KINGSPORT, Tenn. (WJHL) — For the first time this year, Kingsport City Schools is expanding regular third-grade parent meetings to fourth grade. Assistant Superintendent for Instruction Rhonda Stringham told News Channel 11 that’s because of a new state law that went into effect last school year.

The controversial legislation has become known as the “third-grade retention law”, but Stringham said that’s a bit of a misnomer.

“The actual law states that they have to make adequate progress between third grade TCAP and fourth grade TCAP to go on to fifth grade,” said Stringham.

This year’s state test scores will determine whether or not students who scored in the approaching expectations or below expectations categories will have to repeat fourth grade, so school officials like Stringham are paying extra attention to quarterly exams, or benchmarks, which gauge students’ knowledge on state standards.

“Our teachers are being very intentional with the stand surge and how they map to the test,” said Stringham.

Stringham said teachers are asking them three critical questions about each standard:

“How do we know if they know it? That’s the benchmark. What do we do if they don’t? So how do we address that in the classroom, in intervention and in tutoring,” said Stringham. “What do we do if they already know it? How do we push those kids to get more out of school than what they could be getting?”

The work to get students up to standards extends beyond the school day, said Stringham, with before and after school tutoring. Across the district’s elementary and middle schools, 400 students are enrolled in tutoring.

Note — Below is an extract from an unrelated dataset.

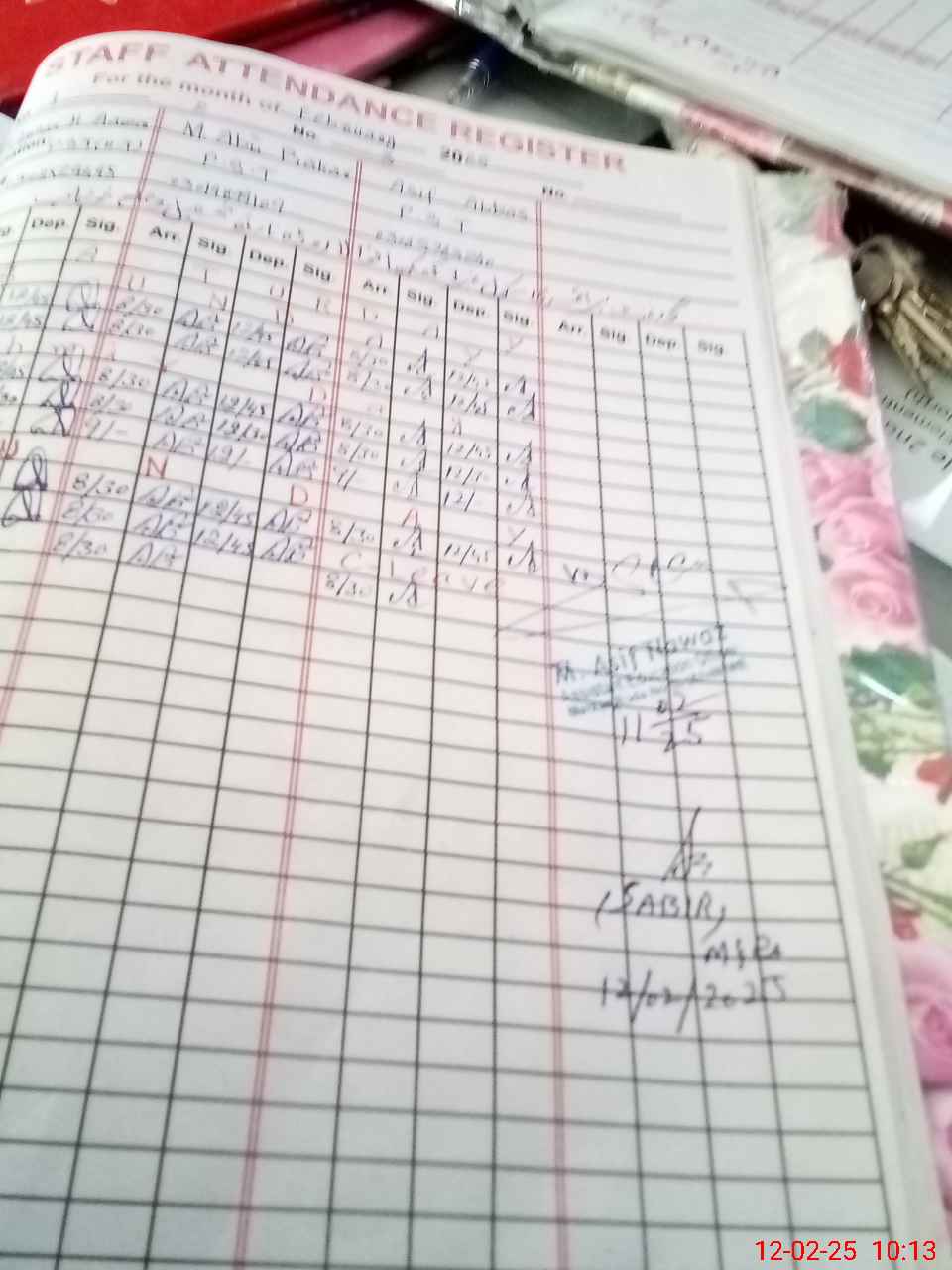 | CNIC | Full Name | Designation | R/C | Absence during last cal. month |

Those participation numbers are highest among students in third and fourth grades, the two grades impacted by the retention law, said Stringham.

Current fourth graders who scored below the “meets expectations” threshold on the TCAP last year were required to attend summer school, participate in tutoring during the school year or both. Stringham said both tutors and parents are interested in the programs.

“We’ve had a lot of people take us up on it because they really want their children to do well,” said Stringham.

The district is also using the lessons it’s taken from the “third-grade retention” experience to increase customization and individualized attention for kids across subjects.

“We’re doing the same kind of strategizing with kids in math that we’re doing in [English Language Arts], and that makes me very excited,” said Stringham.

Students will take two more benchmark exams in January and March before TCAP testing in April.